El OVP informó que solo 9,21% de los detenidos aptos votaron en las elecciones presidenciales pasadas. De 20.626 procesados habilitados, solo 1900 ejercieron su derecho al voto.
Caracas. El Observatorio Venezolano de Prisiones (OVP) documentó que solo 9,21 % de la población de reclusos procesados en centros penitenciarios del país ejerció su derecho al voto en los comicios presidenciales del pasado 28 de julio.
La ONG tomó como referencia los datos ofrecidos por Julio García, ministro para el Servicio Penitenciario, quien dijo que 1.900 los procesados ejercieron su derecho al voto. No obstante, el OVP calcula que cerca de 20.626 personas privadas de libertad en calidad de procesados están habilitados para la participación electoral.
“Las personas privadas de libertad, además de ser sujetos de derechos, continúan siendo venezolanos muy a pesar de su situación jurídica. Y el restringirle el expresarse de forma social y política, los margina un poco más y se les impone un castigo adicional que no está previsto en nuestra Carta Magna”, dijo el equipo del OVP.

La población reclusa en Venezuela es de 30.332, de los cuales 20.626 están en calidad de procesados y 9.706 están condenados.
No cubren la totalidad de las cárceles
En ese mismo sentido, el OVP informó que de forma extraoficial se conoció que el Consejo Nacional Electoral (CNE) activaría 31 mesas de votación en 21 centros. Estos centros de votación estarían destinados para las diferentes cárceles en el país, con una población de 19.880 internos que podrían ejercer su derecho al voto.
Además, destacaron que tanto como el CNE y el Ministerio para el Servicio Penitenciario ofrecieron cifras desagregadas y suficientes de las personas que participarían en el proceso electoral.
Tampoco se puede dejar de lado a las 22.237 personas que se encuentran detenidas en los centros de detención preventiva (o calabozos policiales), a quienes tampoco se les permite su derecho a la participación política.

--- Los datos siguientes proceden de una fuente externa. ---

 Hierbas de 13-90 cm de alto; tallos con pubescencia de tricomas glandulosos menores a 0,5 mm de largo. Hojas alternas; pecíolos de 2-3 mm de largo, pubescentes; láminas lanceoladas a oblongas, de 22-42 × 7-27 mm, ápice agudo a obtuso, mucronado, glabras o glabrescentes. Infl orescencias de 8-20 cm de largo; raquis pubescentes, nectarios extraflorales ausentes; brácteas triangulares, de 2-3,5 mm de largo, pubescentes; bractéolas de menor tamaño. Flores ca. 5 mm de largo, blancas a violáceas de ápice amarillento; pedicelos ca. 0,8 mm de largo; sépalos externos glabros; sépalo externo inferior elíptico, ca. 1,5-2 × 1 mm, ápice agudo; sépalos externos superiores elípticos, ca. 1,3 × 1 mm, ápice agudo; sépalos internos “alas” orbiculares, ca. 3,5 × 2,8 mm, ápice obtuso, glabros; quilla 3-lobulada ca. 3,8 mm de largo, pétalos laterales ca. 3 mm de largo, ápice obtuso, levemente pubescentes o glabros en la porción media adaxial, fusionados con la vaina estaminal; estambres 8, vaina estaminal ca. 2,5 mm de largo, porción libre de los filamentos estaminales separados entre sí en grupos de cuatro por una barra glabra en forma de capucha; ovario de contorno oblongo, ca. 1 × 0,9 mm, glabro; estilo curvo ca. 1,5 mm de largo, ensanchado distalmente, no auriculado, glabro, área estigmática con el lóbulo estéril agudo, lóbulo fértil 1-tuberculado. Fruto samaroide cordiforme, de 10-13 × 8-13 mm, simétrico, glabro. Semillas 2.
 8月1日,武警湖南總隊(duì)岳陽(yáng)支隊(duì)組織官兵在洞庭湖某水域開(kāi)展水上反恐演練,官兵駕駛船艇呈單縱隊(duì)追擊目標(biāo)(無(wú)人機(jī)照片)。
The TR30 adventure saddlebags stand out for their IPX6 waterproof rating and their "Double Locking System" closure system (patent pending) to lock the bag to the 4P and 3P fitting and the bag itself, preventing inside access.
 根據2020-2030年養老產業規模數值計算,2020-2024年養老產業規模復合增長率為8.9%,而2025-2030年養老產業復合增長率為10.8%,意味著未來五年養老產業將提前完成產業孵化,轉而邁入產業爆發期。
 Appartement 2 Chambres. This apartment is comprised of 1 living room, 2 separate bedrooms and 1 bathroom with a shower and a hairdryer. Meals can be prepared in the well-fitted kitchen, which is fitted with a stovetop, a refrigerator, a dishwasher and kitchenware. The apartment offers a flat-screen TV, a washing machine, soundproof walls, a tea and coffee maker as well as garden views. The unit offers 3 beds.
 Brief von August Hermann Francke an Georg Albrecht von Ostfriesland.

¿Los privados de libertad tienen derecho a votar?
Humberto Prado, director del Observatorio Venezolano de Prisiones, expresó que mientras se investiga la culpabilidad o inocencia de las personas privadas de libertad, sus derechos “se mantienen intactos”. En otras palabras, las personas que aún se encuentran en calidad de procesados.

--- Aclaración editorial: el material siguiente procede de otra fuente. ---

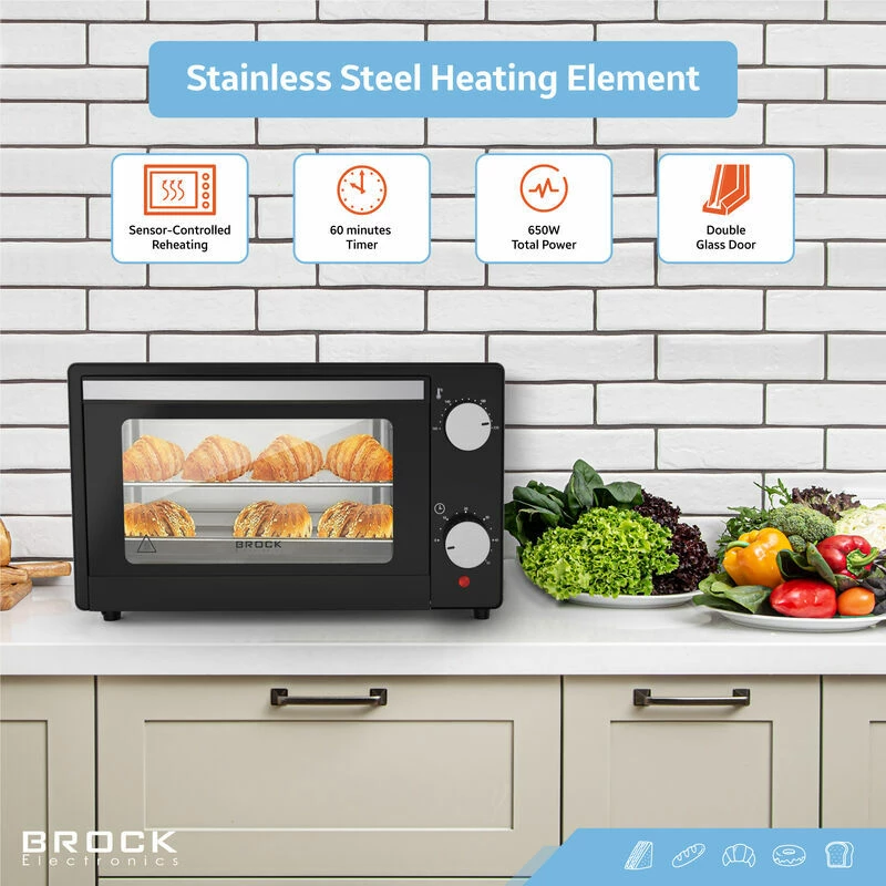 Electric Oven BROCK TO 9001 B 9L, 650W, 2 quartz heating tubes, Double glass, Temperature: 100°C - 230°C, acc: (baking tray, tray, handle)
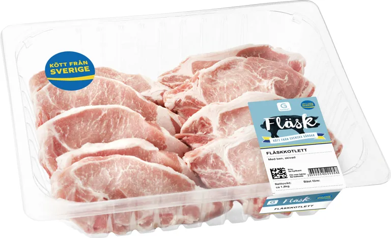 Skivad fläskkotlett med ben. Kött från svenska gårdar. Ca 1,7 kg.
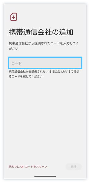 【設定】➡【ネットワークとインターネット】➡【SIM】➡【SIMの追加】➡【eSIMを設定】➡【こちらの解決方法をお試しください】➡【手動で入力】➡メールに記載されたアクティベーションコードを入力
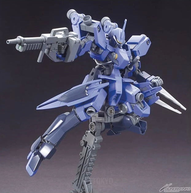 One of the units used by Gjallarhorn to defend Earth in animated TV series Gundam Iron-Blooded Orphans. It features different armaments that can be interchanged with other HG kits and also includes 2 head designs to choose between regular and captain unit, as well as opening head gimmick. Weapons on this version include battle axe and rifle. Runner x 6, sticker x 1, Instruction Manual x1
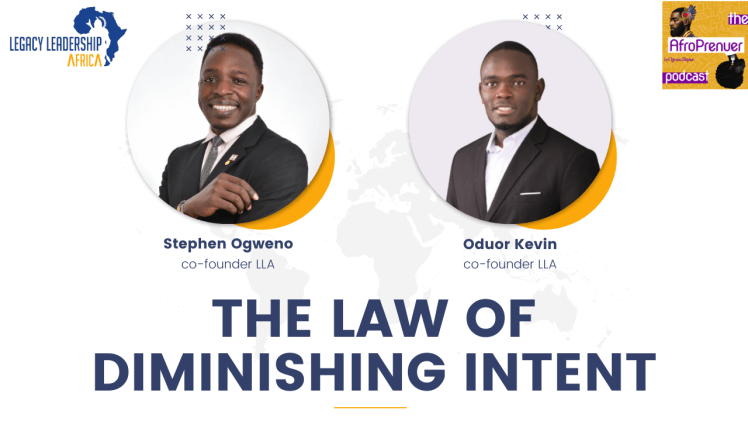 Ogweno Stephen, the co-founder of Legacy Leadership Africa, has recently been involved in a joint audio and video podcast series with Kevin Oduor. The series focuses on various entrepreneurial topics, with the first podcast titled “The Resolution Hacker” and the second titled “The Law of Diminishing Intent”.
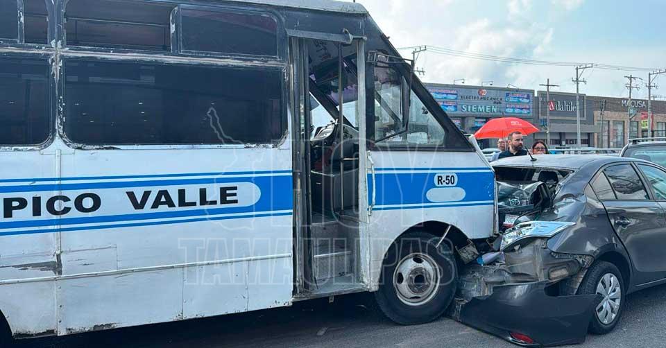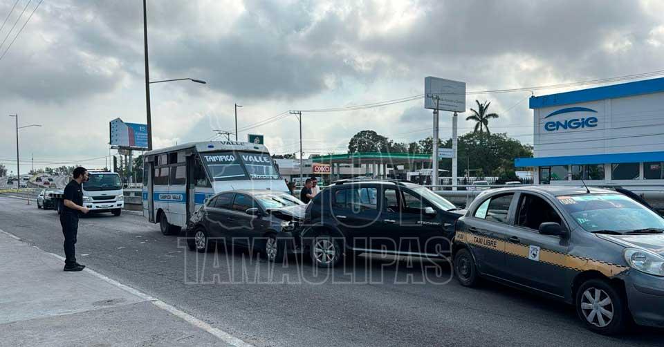Tampico, Tamaulipas. – El conductor de un microbús de la ruta Tampico-Valle por Avenida Hidalgo provocó un aparatoso choque múltiple al impactar por alcance a un automóvil, al cual proyectó contra un vehículo particular y este a su vez hacia un taxi en Tampico.
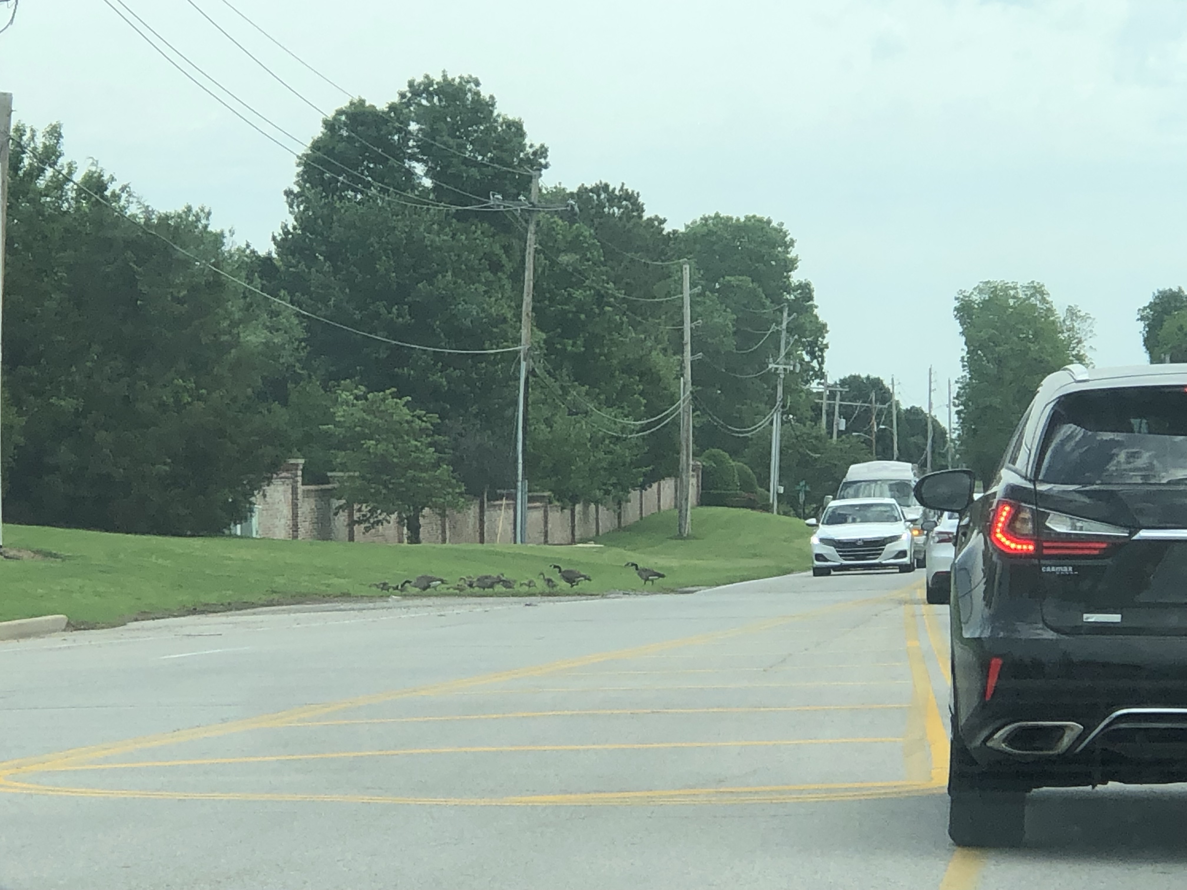 Sunday, just after lunch on our way home, traffic was stopped and we were wondering why. Up ahead, we caught a glimpse of that why! It was a family of geese crossing the road! It was cute. Looked like maybe two family of geese since there were four grown sized geese with all the small goslings.

El artículo 39 de la Carta Magna establece que todo venezolano mayor de edad puede ejercer su derecho al voto. La única excepción es que el detenido esté sujeto a interdicción civil o inhabilitación política.
En este sentido, son quienes tienen una sentencia firme quienes podrían obtener una inhabilitación política, la cual es una pena accesoria a la pena principal.
“La inhabilitación política es una pena accesoria. No se puede inhabilitar políticamente a una persona como si la inhabilitación política fuera la pena principal (…) debe acordarse mediante sentencia judicial firme para que los derechos políticos puedan limitarse y así debe establecerlo la sentencia”, dijo el equipo de OVP.
Recomendaciones del OVP para el Ministerio para el Servicio Penitenciario y el CNE para mejorar la participación política de los privados de libertad:
- El CNE y el Ministerio del Poder Popular para el servicio penitenciario deben “establecer una colaboración estrecha” para planificar, ejecutar y supervisar las jornadas especiales de inscripción en el CNE y operativos de cedulación dentro de los recintos penitenciarios, con mayor atención donde hay jóvenes que cumplieron la mayoría de edad.
- Asignar recursos humanos materiales necesarios y suficientes para agilizar los procesos electorales en las cárceles, y vehículos para los traslados en caso de ser necesarios.
- Garantizar la presencia de testigos y observadores nacionales e internacionales en los procesos electorales dentro de los recintos penitenciarios
- Informar oportunamente a la población reclusa sobre el ejercicio del voto y las propuestas electorales
- Facilitar el acceso a la información actualizada a través de medios de comunicación por formas autorizadas por el recinto (diarios y emisiones de radio).
- Presentar un registro desagregado de los reclusos habilitados a votar, que detalle además su ubicación y su situación jurídica.
- Garantizar de forma segura, libre y secreta el derecho al voto de todas las personas privadas de libertad en los centros de detención preventiva.
- Proporcionar asistencia o apoyo necesario a personas privadas de libertad con discapacidades visuales, auditivas, motrices u otras necesidades particulares.
- Traducir la información a los idiomas de las personas indígenas que se encuentren recluidas y que no hablen el español.
- Involucrar activamente a las autoridades penitenciarias para agilizar y mejorar el
desarrollode los procesos electorales.